Member of the British royal family (born 1977)

Lady Davina Elizabeth Alice Benedikte Windsor (born 19 November 1977) is a member of the British royal family, and is the elder daughter of the Duke and Duchess of Gloucester. She is 37th in the line of succession to the British throne as of January 2025. She was known as Lady Davina Lewis between 2004 and 2018, during her marriage to Gary Lewis.

==Early life and education==

Davina Elizabeth Alice Benedikte Windsor was born on 19 November 1977 at St Mary's Hospital, London, the second child of Prince Richard, Duke of Gloucester and Birgitte, Duchess of Gloucester. She was baptised on 19 February 1978 at Barnwell Parish Church, close to the family home, Barnwell Manor in Northamptonshire. Her godparents are Captain Mark Phillips, the Duke of Buccleuch, Elisabeth, Lady Camoys, Susan Wigley, Roger Wellesley Smith and Caroline, Baroness Rosenørn-Lehn. Lady Davina grew up in Kensington Palace. She was educated at Kensington Preparatory School in Notting Hill, followed by St George's School, Ascot. She is a graduate of the University of the West of England, with a degree in media studies.

==Marriage and children==
On 31 July 2004, Davina married Gary Christie Lewis (born 15 August 1970), a Māori. Lewis is a carpenter who runs a property renovation business and is a surfing enthusiast. The couple had known each other for four years, having met on holiday in Bali, but they kept their relationship secret for several years. Lewis is the son of Larry Lewis, a Māori builder who was runner-up in the Golden Shears sheep-shearing competition in 1982. His uncle is the prominent Māori author Witi Ihimaera who wrote The Whale Rider which became a film of the same name.

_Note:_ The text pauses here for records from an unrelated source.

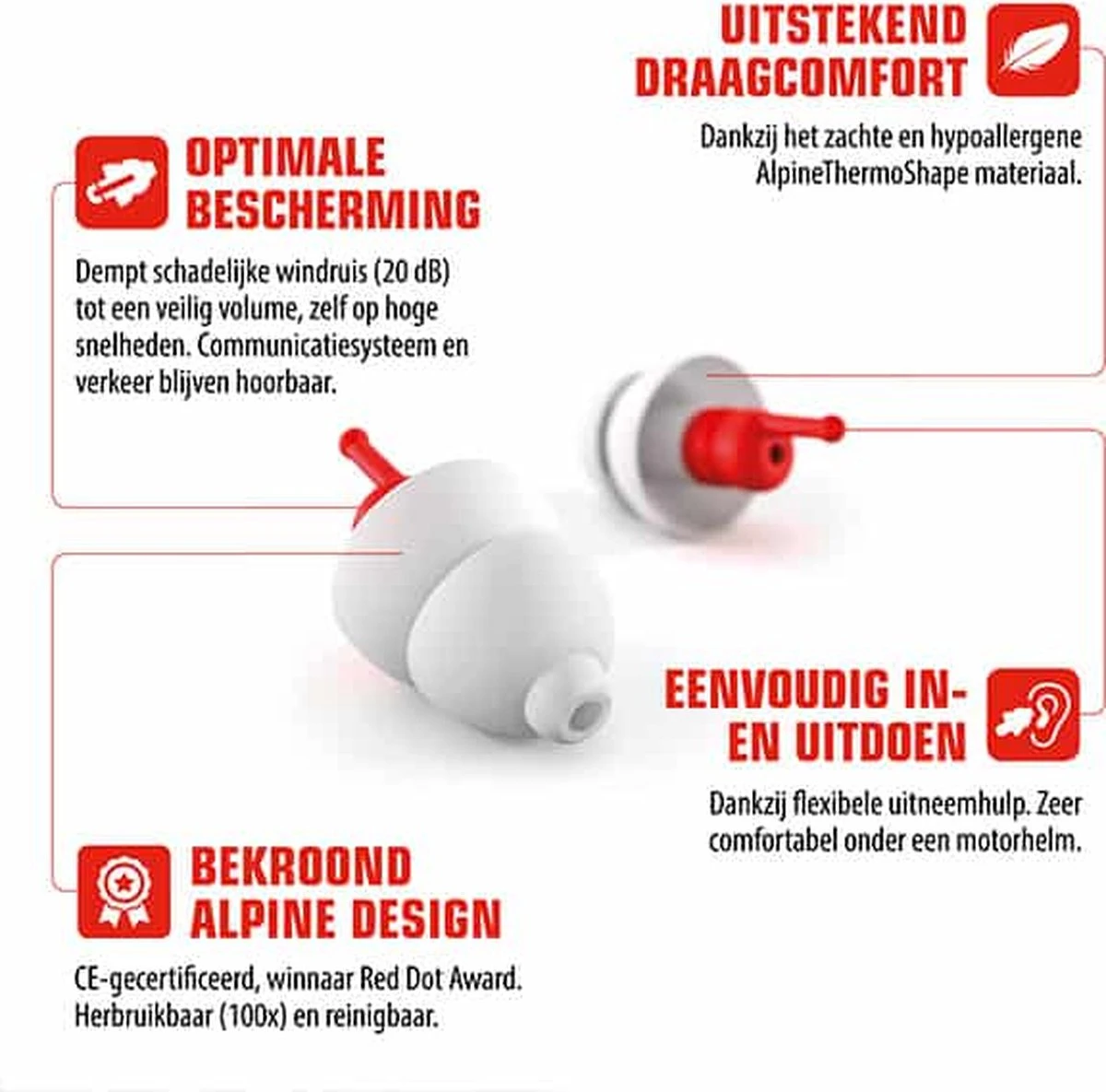 Alpine Hearing Protection heeft de Red Dot Award in de wacht gesleept voor het ontwerp van haar MotoSafe oordoppen. De jury van deze prestigieuze designprijs roemde de “hoogstaande kwaliteit en het innovatief vermogen” van de oordoppen.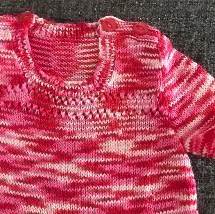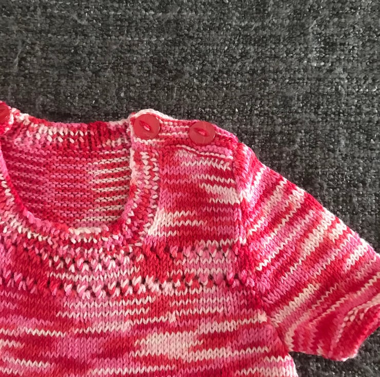 The beautiful multi coloured short sleeved crew neck dress will fit approximately size 6-9 months old, with an actual chest size 50 cm (20 inches). The dress tunic is fastened at both shoulders with 2 pink buttons for ease of dressing and there is a lace detail on the hem of the dress and at the chest.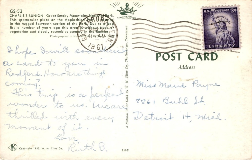 The postcard features a photograph of Charlie's Bunion in the Great Smoky Mountains National Park, located in the rugged Sawteeth section of the Appalachian Trail. The area was affected by a fire several years prior, resulting in a landscape filled with rocks and sparse vegetation. The scenery closely resembles the natural beauty of the area.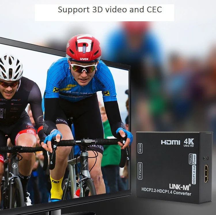 Клиенты могут приобрести дорогие переключатели с высокой пропускной способностью и Ресиверы с HDCP1.4, поэтому им понадобится конвертер HDCP2.2-HDCP1.4, чтобы убедиться, что источник HDCP2.2 может отображаться на дисплеях HDCP 1,4.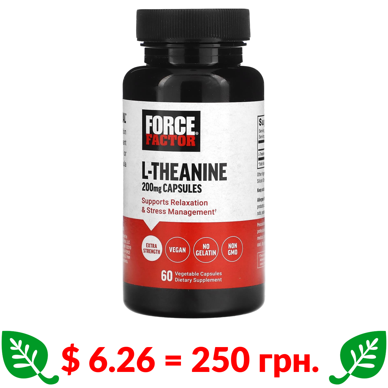 $ 6.26 = 250 грн. ????️ у кошику ????️ Force Factor, L-Theanine, Extra Strength , 200 mg , 60 Vegetarian Capsules

Lewis is also the first person of known Māori descent to marry a member of the royal family, or to marry the daughter of a British prince. As she is a legitimate descendant in the male line of George V and in line to the British throne, the Royal Marriages Act 1772 required that Royal Assent to the wedding be obtained in advance for the marriage to be legal and the descendants thereof to inherit rights of succession to the thrones of the Commonwealth realms, including that of New Zealand. On 20 July 2004, the Queen-in-Council formally declared her consent to the marriage. The wedding took place on 31 July 2004 at the private chapel of Kensington Palace, Davina's childhood home. Apart from the Duke and Duchess of Gloucester and the bride's siblings, no other members of the royal family were present at the wedding; only close friends and family were involved. The bride wore a satin gown with woven flowers in her hair. The couple divorced in 2018.

Davina and her former husband have a daughter, Senna Kowhai, who was born on 22 June 2010 and a son, Tāne Mahuta, who was born 25 May 2012. Her son was named after the Tāne Mahuta, a giant kauri tree in the Waipoua Forest of Northland Region, New Zealand. Davina was also stepmother to Lewis's son from a previous relationship, Ari (born 1992).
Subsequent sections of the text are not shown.